Jd: Seven Brides for Seven Brothers was one hell of a movie and a great learning experience...except, if you look closely, I'm not actually in the last few scenes. The shooting schedule ran over and I didn't want to miss the premiere of The Nutcracker back in New York...So, they slapped a red wig on the assistant choreographer, gave him a duplicate of my costume and he filled in for me in a couple of scenes. Nowadays, they'd just take my photo and digitally morph me into the movie.
MG: What was it like being at MGM - the Rolls Royce of the Hollywood studios - when it was still going strong in the early 50's?
Jd: I never thought that with MGM or 20th Century-Fox or Universal that there was this kind of hierarchy. In those days, I thought of it all as just a bunch of sets out in Culver City that I had to report to. I was lucky, though, that on my first film I got to work with [choreographer] Michael Kidd and [director] Stanley Donen. I turned eighteen on the set of Seven Brides for Seven Brothers but I was emotionally fourteen. Coming from New York and the ballet, I thought that some of the movie people didn't have the same kind of discipline that we had. When they said, 'Alright, at eight o'clock, be ready to go...' I would be there at six-thirty or seven to warm up so that at eight o'clock, I'd already be dripping sweat as though the curtain's going up and you have to get ready to appear on stage. It was very different with movies. I couldn't even get on to the sound stage at seven because it was all locked up and I remember thinking, 'I must be in the wrong place...' I'd wander around for a while and then someone would say, 'What time is your call?' and I'd say, 'Eight o'clock...' And they'd say, 'Oh, well, they probably won't open everything up until about ten minutes before eight.' It was just a very different world from the one I knew.

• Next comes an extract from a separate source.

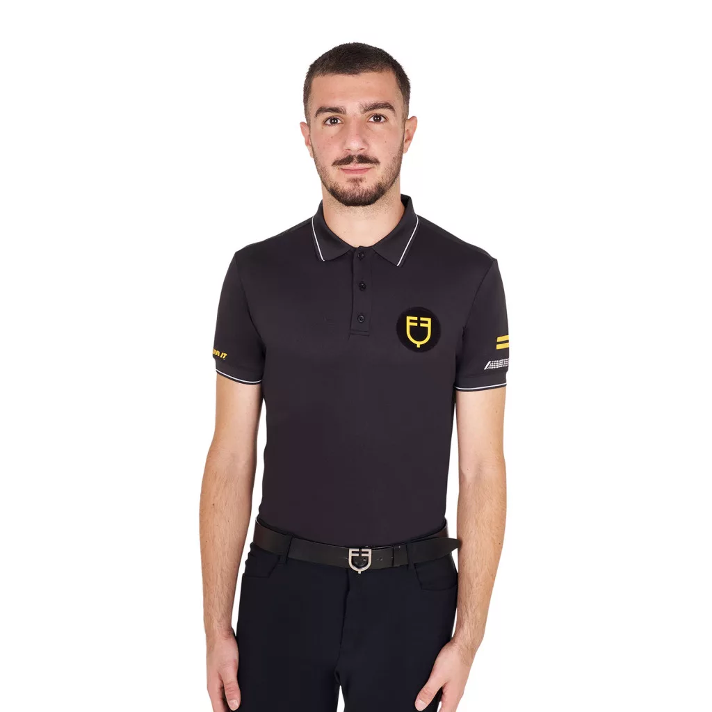 Férfi Scuderia Equestro kollekciós technikai tréning pólóEz a póló tökéletes választás a lovasok számára, akik stílusosan és kényelmesen szeretnének edzeni. A Scuderia Equestro kollekció minden részletére figyelmet fordít, így a póló nemcsak divatos, hanem funkcionális is.

MG: While you were working on Seven Brides..., did you have the feeling that you were working on a project that was shaping up as something extra special?
Jd: There were interesting things going on in every studio but the buzz was out about Seven Brides...but I have to say that there was even more of a buzz when I did Carousel (1956) and that was for 20th Century-Fox. I'd be in rehearsal and you'd see Dan Dailey or some of the other stars -- when they had a break on their own set, they'd come over to our set to see what was happening. They were all very curious. Same thing with The Best Things In Life Are Free (1956). We always had various stars popping in to watch what we were doing. That was going on all the time. But I was out of it. I was just a kid. I didn't understand all of that.
MG: In reference to Seven Brides..., can you talk a little bit about how the division of duties worked between Stanley Donen and Michael Kidd? Who was in charge of what on that picture?
Jd: I've never doubted that the two of them came together like Siamese twins on that movie but the direct influence on me was Michael Kidd. He was the choreographer, so that was "The Boss" for me. I do think they collaborated terrifically and fabulously. When Michael died several years ago, I called Stanley and asked if he would come in and talk to all of the children that I teach -- there was a group of maybe two hundred of them. So, on a Saturday afternoon, Stanley Donen came over and we projected scenes of Michael Kidd and Dan Dailey and Gene Kelly dancing together in It's Always Fair Weather (1955), which Stanley directed and choreographed [with Kelly]. We showed them that amazing sequence where they dance with garbage can covers attached to their feet. I mean, they were simply fabulous -- all three of them. But in some crazy way, Michael Kidd stole it for me. He really had it, you know? He was a New York street guy. A tough little bantam rooster...After we showed the film, I asked Stanley to talk about Michael a bit and about his own work as a director and choreographer but Stanley was very modest and mostly talked about Michael.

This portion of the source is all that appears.